Leona surveying the pasture from her "lofty" position 









A bad photo of Leona









Claribelle; her neck looks so short in this pic  (left) and Lyla (right)
















Claribelle, Lyla, and Leona fighting over the bucket









Adelaide - "Addie" she is quite pregnant in these pics, due in January - any guesses??? 
















Sassy Delais (Sarai's June baby) telling off Addie









Cessy isn't one of our junior does (obviously) anywho, I thought this pic was cute, she's a "sitting goat", I love "sitting goats!" She is very pregnant!! She had quads her last kidding and I'm thinking she'll have quads again, she's due mid-November. Oh, that fuzziness in the right corner is our little llama, Mimi. 

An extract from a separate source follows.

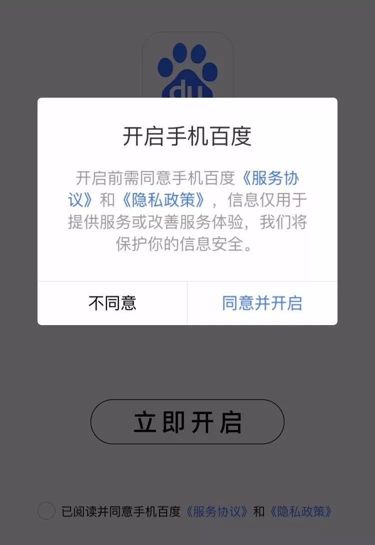 初次安装手机百度App时,页面都会提示默认勾选“已阅读并同意手机百度《服务协议》和《隐私政策》”,如取消勾选则无法使用该应用。那么,这就造成了一种强制性,如果不同意该协议就无法安装App,但如果仔细阅读以上《服务协议》就可以发现:一旦用户使用App产生的数据则是归企业所有,而App就这样“合理合法”有了获取用户信息的途径。
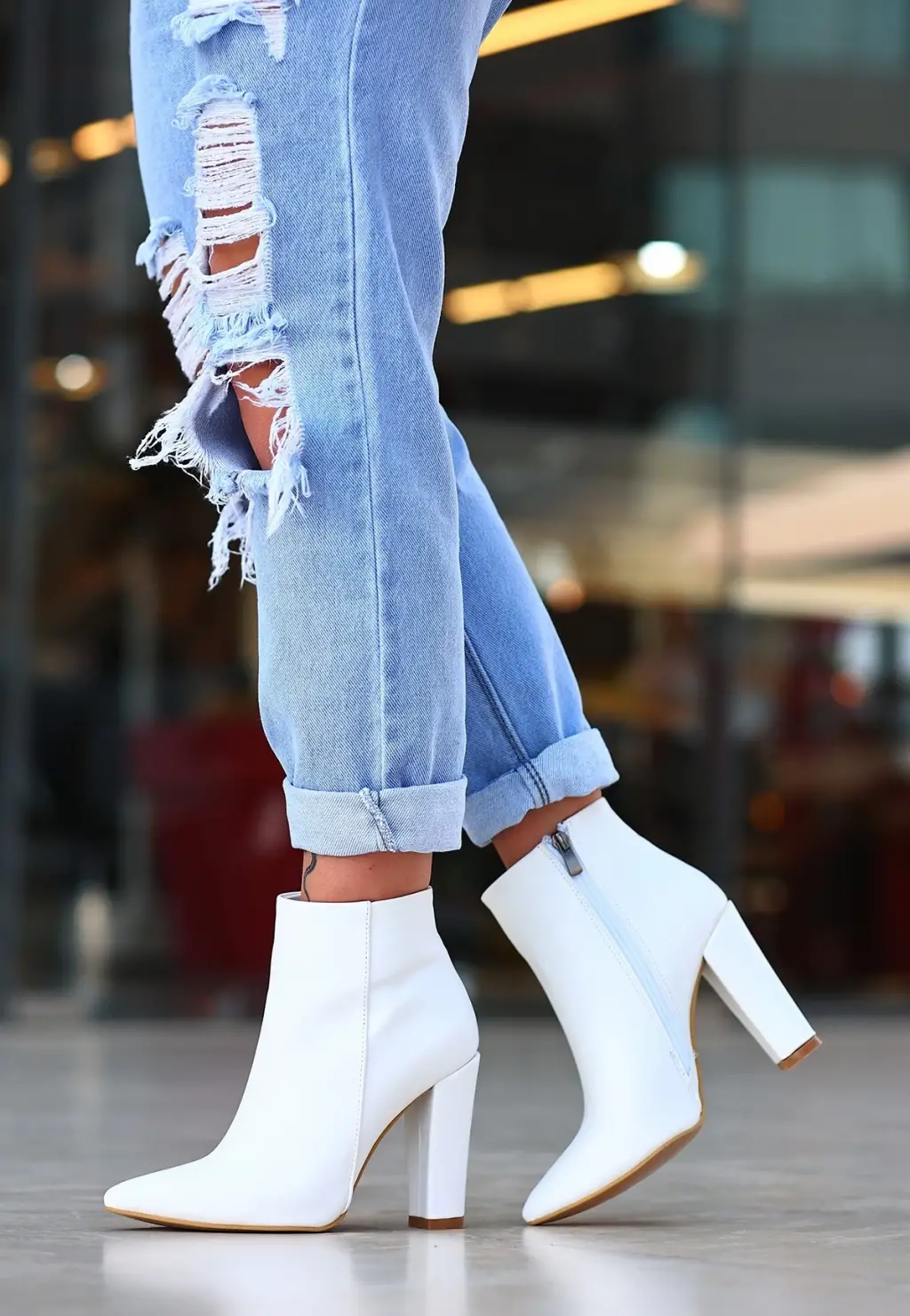 • Loora Beyaz Cilt Topuklu Bot

Sorry about all the pics but I just kept finding more that I wanted to share! :roll:


----------



## KW Farms (Jun 21, 2008)

Cute cute cute!!! They all are darling! And the sitting doe is to funny. I love when they sit...it's the cutest thing! Thanks for sharing!!


----------



## FarmGirl18 (Oct 5, 2007)

They are all just adorable!!


----------



## capriola-nd (Jul 6, 2008)

Thanks. They're my little "pride and joys".


----------



## Laurel_Haven (Oct 20, 2007)

You sure do have some beautiful girls there! They are all just too adoradable!!!


----------



## PiccoloGoat (Sep 10, 2008)

So Cute!!
Leona is always gonna be my favourite


----------



## toth boer goats (Jul 20, 2008)

the sitting little one ...so cute...........actually all of them are...........


----------



## liz (Oct 5, 2007)

Very pretty girls....I do think you'll get lotsa babies from Cessy again...she looks like thats the ONLY comfie position she has! lol


----------



## Amy Goatress (Oct 2, 2008)

Pretty girls, we call my oldest niece Addie which is short for Adaline.


----------



## kelebek (Oct 5, 2007)

What adorable goaties. I love the one that is sitting - her color is really pretty!


----------



## capriola-nd (Jul 6, 2008)

Thanks everyone!



> I love the one that is sitting - her color is really pretty!


Yep, she is pretty unique. A dilute broken buckskin with "mascara" around her eyes.  That's what my aunt called it. It does look like she had a whole lot of fun with some black eyeliner.  I sure hope she has at least triplets. All of her kids from her last kidding were broken buckskin (she was bred to a solid black buck, go figure).


----------



## rebelshope (Sep 21, 2008)

Don't you dare be sorry for sharing those beautiful does!! They are SO adorable. I love the sitting pic.

I want to teach my buck to sit.


----------